## Assignment
Output the lines of the listing below exactly, starting at the line containing "[부자동네타임즈 김인수기자] 고양시자원봉사센터(이하" and stopping after the last line, with any pictures dropped.

## Recorded data
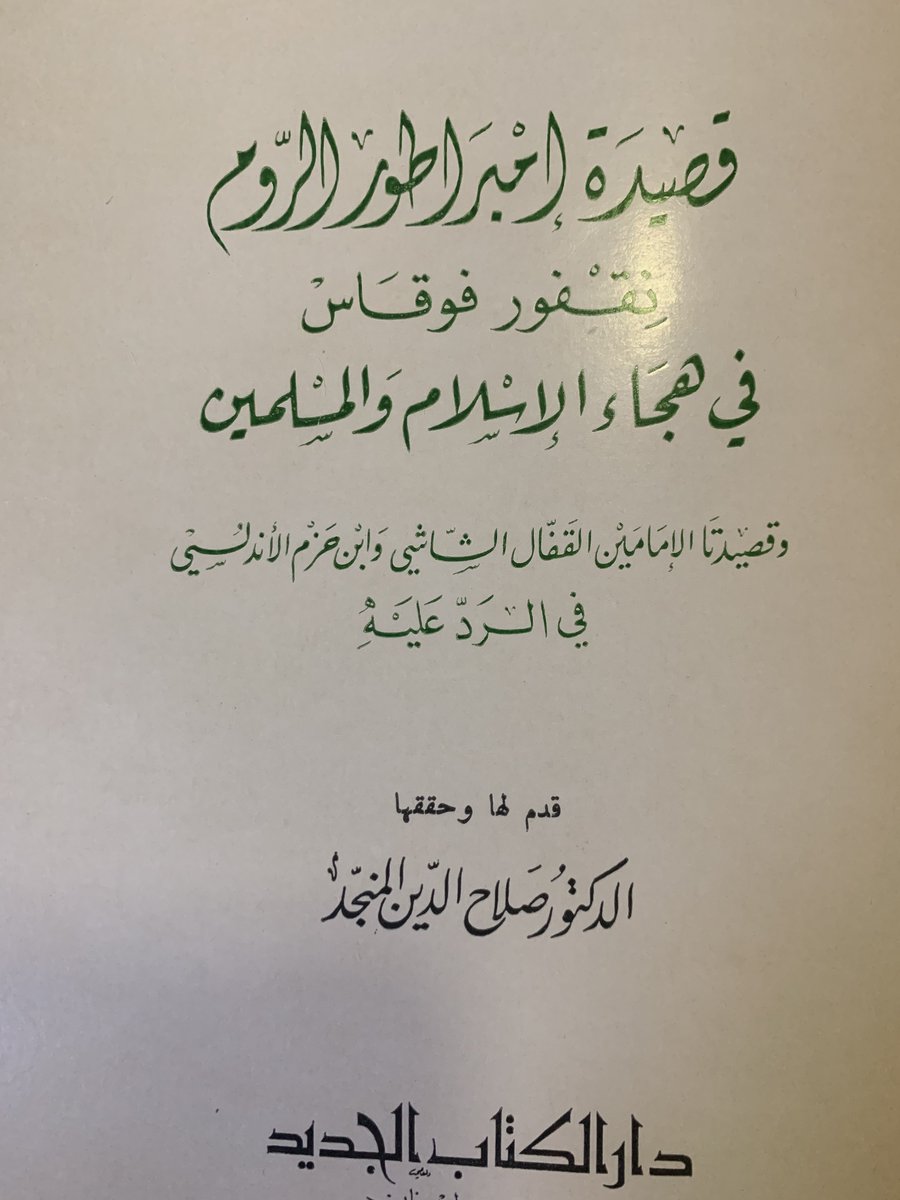 إضافة إلى الحروب التقليدية بين العرب المسلمين وبين الروم البيزنطيين المسيحيين في القرون الأولى من عصور الإسلام فإن الساحة العالمية آنذاك شهدت حرباً إعلامية تمثلت في قصيدة هجاء وشتم بعث بها إمبراطور بيزنطا في القسطنطينية إلى الخليفة العباسي في بغداد 1️⃣
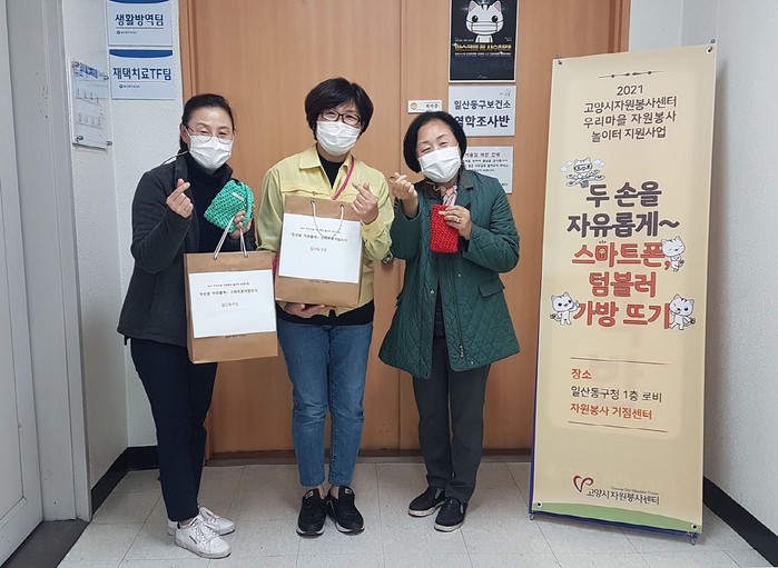 [부자동네타임즈 김인수기자] 고양시자원봉사센터(이하 센터)는 지난 29일, 일산동구청 거점센터에서 올해 추진한 우리마을 자원봉사 놀이터 지원사업『두 손을 자유롭게~ 스마트폰·텀블러 가방 뜨기』의 완성품 90여개를 일산동구 보건소에 전달했다.
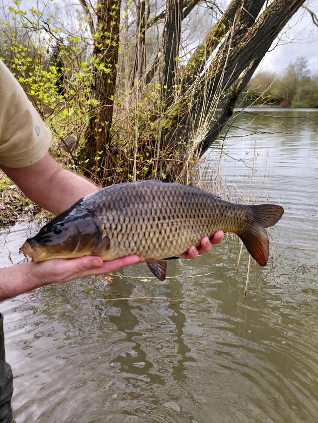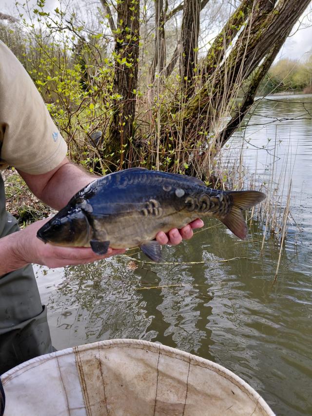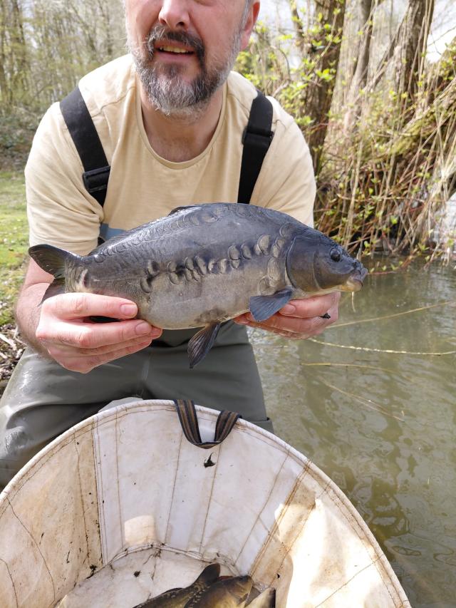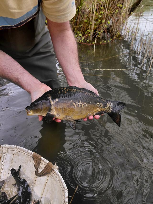 82 carp grown on in the holding net at Straits Mill moved today to Thoby Wood.

## Exercise solution
 [부자동네타임즈 김인수기자] 고양시자원봉사센터(이하 센터)는 지난 29일, 일산동구청 거점센터에서 올해 추진한 우리마을 자원봉사 놀이터 지원사업『두 손을 자유롭게~ 스마트폰·텀블러 가방 뜨기』의 완성품 90여개를 일산동구 보건소에 전달했다.
 82 carp grown on in the holding net at Straits Mill moved today to Thoby Wood.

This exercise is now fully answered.